Начало >> Справка >> Неотложная помощь >> Диагностика и лечение неотложных состояний у детей
  • детская

Нейротоксикоз. Энцефалические реакции. Отек мозга - Диагностика и лечение неотложных состояний у детей

Оглавление
Диагностика и лечение неотложных состояний у детей
Нейротоксикоз. Энцефалические реакции. Отек мозга
Кишечный токсикоз с эксикозом
ОПН
Коматозные состояния

Нейротоксикоз — это генерализованная реакция ЦНС, являющаяся следствием воздействия микробов, токсинов, продуктов клеточного метаболизма. Причины: вирусные и вирусно-бактериальные инфекции респираторного тракта, гнойно-септические процессы стафилококковой и стрептококковой природы, клебсиелла, синегнойная палочка, протей. Способствуют развитию нейротоксикоза неблагоприятные антенатальные факторы: токсикоз беременности, родовые травмы, асфиксии в родах, недоношенность, рахит, диатезы.
Диагностика: быстро и бурно нейротоксикоз развивается у детей раннего возраста, что объясняется несовершенством регуляции мозгового кровообращения, повышенной проницаемостью сосудистой стенки, незрелостью ЦНС,
Выделяют три периода нейротоксикоза:

  1. Ирритативный (продромальный) — проявляется беспокойством, головной болью, рвотой, нарушением сна, гипертермией, повышением АД, тахипноэ, бледностью кожных покровов, тремором рук, гиперемией лица, вздрагиванием.
  2. Сопорозный (разгар) — заторможенность сознания, ослабление двигательной активности, амимия, симптомы ДВС-синдрома, температура 39-40 С, судороги.
  3. Коматозный — сознание отсутствует, арефлексия, мышечная гипотония, судороги, декомпенсация кровообращения, дыхательная недостаточность, угасание функций ЦНС и других систем организма, ацидоз, гибель ребенка.

Более легкими вариантами нейротоксикоза являются гипертермический и гипервентиляционный, которые отражают поражение терморегуляторного и дыхательного центров.
Гипертермия у некоторых больных является ведущим синдромом. При расстройстве кровообращения I ст. гипертермия поддается жаропонижающей терапии. Злокачественная гипертермия (40-40,5 С), не поддающаяся жаропонижающим препаратам, указывает на набухание и отек мозга; больной часто в коме, отмечается децеребральная ригидность, нарушение кровообращения ΙΙ-IIΙ ст. При такой гипертермии имеет место токсическая энцефалопатия.
Гипервентиляционный синдром редко является самостоятельным, чаще имеет место сочетание его с другими, более тяжелыми нарушениями. В легких при этом часто отсутствуют аускультативные изменения, а одышка (нарушение ритма дыхания с участием вспомогательной мускулатуры) является следствием токсического дыхания, гипервентиляционный, и гипертермический синдромы часто встречаются одновременно.
Опорными пунктами для постановки диагноза нейротоксикоз являются:

  1. Различная степень неврологических расстройств в сочетании с симптомами поражения других органов (легкие, печень, почки, миокард).
  2. Недостаточность периферического кровообращения.
  3. Стойкая, плохо поддающаяся терапии гипертермия.
  4. Обратное развитие неврологической симптоматики тесно связано с ликвидацией расстройств периферической гемодинамики.

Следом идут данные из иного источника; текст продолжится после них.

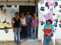 La tercera edad, the third age, is what they call being a senior citizen here in El Salvador - and come to think of it, it makes a lot more sense and poetry than "senior citizen." Last week we had a fiesta for people in la tercera edad at the Centro Arte para la Paz, complete with a band that knew how to play the old Salvadoran standbys for dancing - though when we got into rock tunes, a little later, could see that these are my contemporaries. We all danced to the Beatles back in the 60s, and we all could keep that beat going. Some segunda edad folk even snuck in to enjoy the dancing with us - Arielle on the left in the photo above is one of Peggy O'Neill's full-time volunteers this year. Great fun - there were prizes for all, including the oldest person there, a man of 99 who I often greet on the corner of my street, and the woman with most children - someone claimed she had 14, though when she stood up she only mentioned 10. Other prizes were raffled, even the two piñatas. We were served coffee and a refrigerio (a snack, the first time I met this word I had a terrible time disentangling it from refrigerator, refrigerador) and had a good time.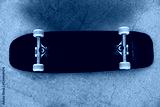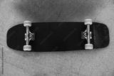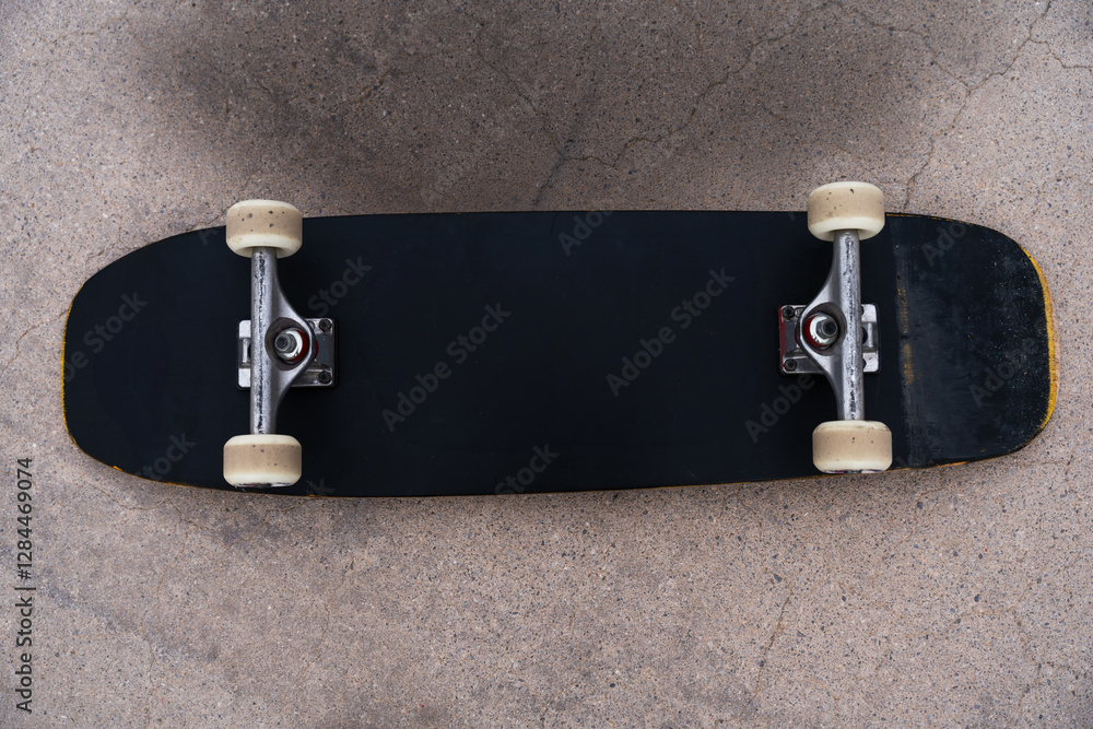 Close-up view of a skateboard at city skate park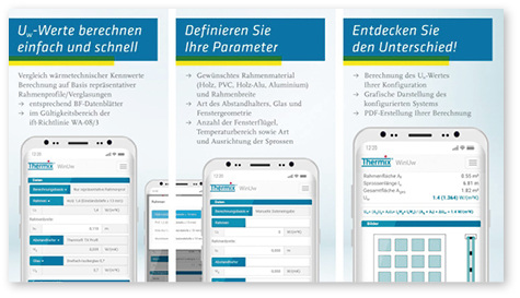 Wer wissen will, wie sich der Wärmedurchgangskoeffizient (U W ) bei der individuellen Zusammenstellung des Fenster-Systems optimieren lässt, kann mit dem Thermix WinU W -Rechner von Ensinger die wärmetechnischen Kennwerte gemäß EN ISO 10077-1 berechnen. In der aktuellen Version wurden die hinterlegten Daten um die Abstandhalter Thermix TX PRO und Thermix Low Psi erweitert. Fensterbauer, Energieberater, Planer und Architekten können in dem Kalkulations-Tool verschiedene Rahmenmaterialien, Verglasungen und Abstandhalter wählen. Die verwendeten Psi-Werte der Abstandhalter (Thermix Warme Kante vs. Aluminium), Rahmenprofile (Holz, PVC, Holz-Aluminium, Aluminium) und der Zweifach- bzw. Dreifach-Isolierverglasungen basieren auf Werten der Datenblätter des Bundesverbands Flachglas (BF) und dem Gültigkeitsbereich der Richtlinie WA-08/3 des Instituts für Fenstertechnik (ift). Der U W -Rechner steht als App im Google Play Store und im App Store sowie online unter www.thermixspacer.com
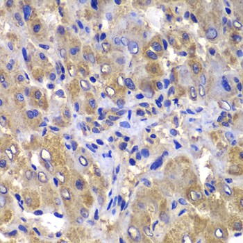 Immunohistochemistry of paraffin-embedded Human liver damage using CARD10 Polyclonal Antibody at dilution of 1:100 (40x lens).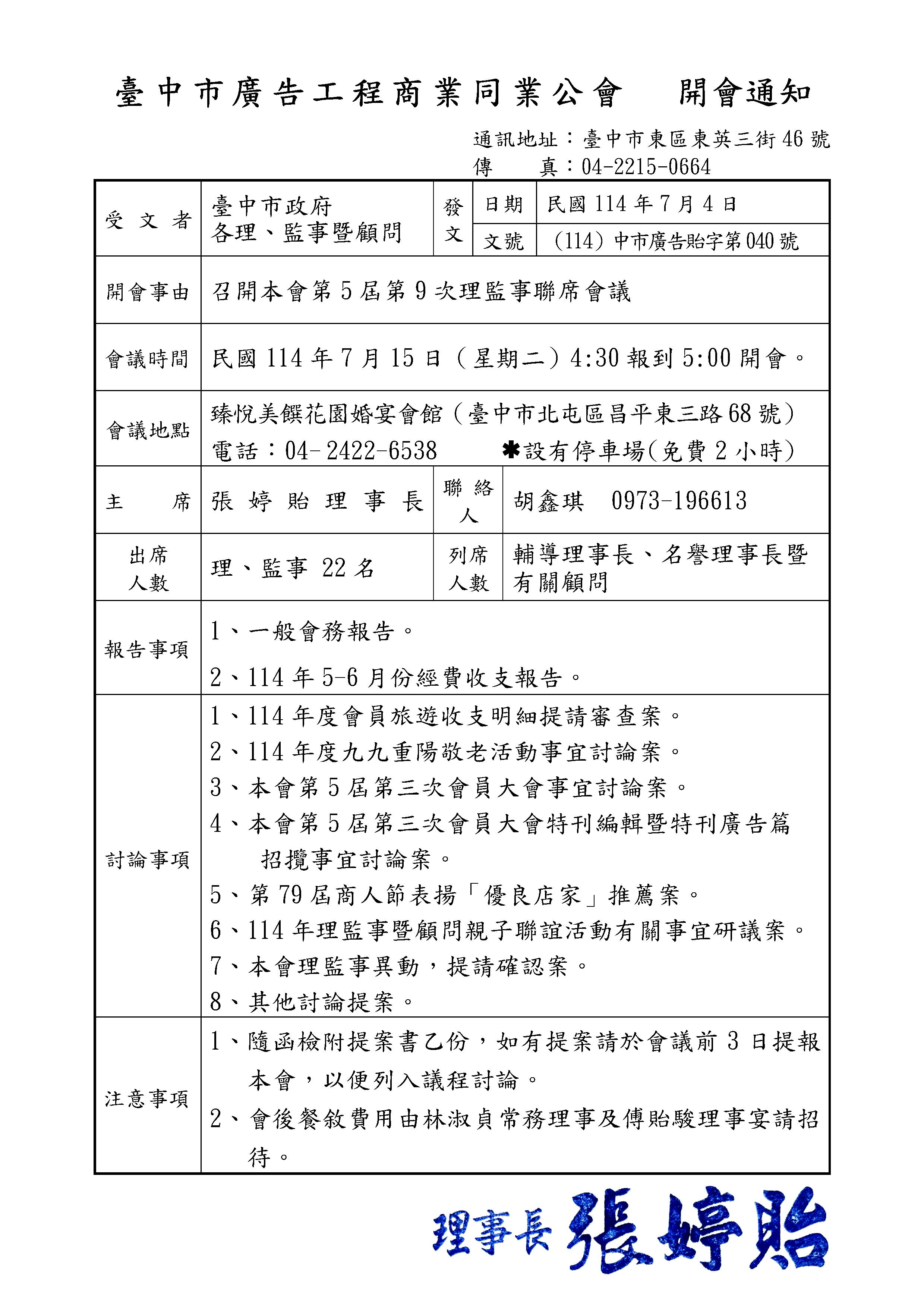 開會通知114年07月15日 召開本會第5屆第9次理監事聯席會議 http://www.tcca-aw.com.tw/zh/news/6/140.html

В лечении выделяют три этапа:
I этап — нормализация периферического кровотока, профилактика и лечение отека мозга, борьба с гипертермией, судорогами, синдромами, угрожающими жизни больного.
Интенсивную терапию следует начинать с введения сосудорасширяющих препаратов в сочетании с нейролептиками.
Каждые 6-8 часов назначаются папаверин с дибазолом, либо эуфиллин с никотиновой кислотой в комплексе с пипольфеном.
При стойкой гипертермии и отсутствии эффекта от перечисленных препаратов добавляют антипиретические средства — анальгин. Количество жидкости, назначаемой внутривенно и для питья, не должно превышать физиологическую потребность. Внутривенно назначается 1/2 или 2/3 этого объема. По составу инфузионная терапия включает реополиглюкин и гемодез по 10 мл на 1 кг массы тела, а всю оставшуюся часть составляет 10% -ная глюкоза с препаратами калия, кальция, инсулина. Гидрокарбонат натрия назначается только при отсутствии эффекта от сосудорасширяющих средств и при наличии гипервентиляционного синдрома.
Все внутривенные инфузии проводятся строго под контролем массы тела и диуреза.
Если констатируется задержка жидкости в организме ребенка, 2-3 раза в сутки назначается лазикс как средство борьбы с отеком мозга. Профилактика ДВС-синдрома на этом этапе лечения зависит от степени
токсикоза. В этот период показано назначение дезагригантов (курантил, дипиридабол).
На втором этапе (при токсикозе ΙΙ-IIΙ степени) назначается гепарин 25-50 ЕД на 1 кг массы тела, оптимальное применение оксигенотерапии, преднизолон (2 мг на 1 кг массы тела), витамин Е, эссенциале. При отсутствии эффекта — люмбальная пункция, до 10 мл ликвора.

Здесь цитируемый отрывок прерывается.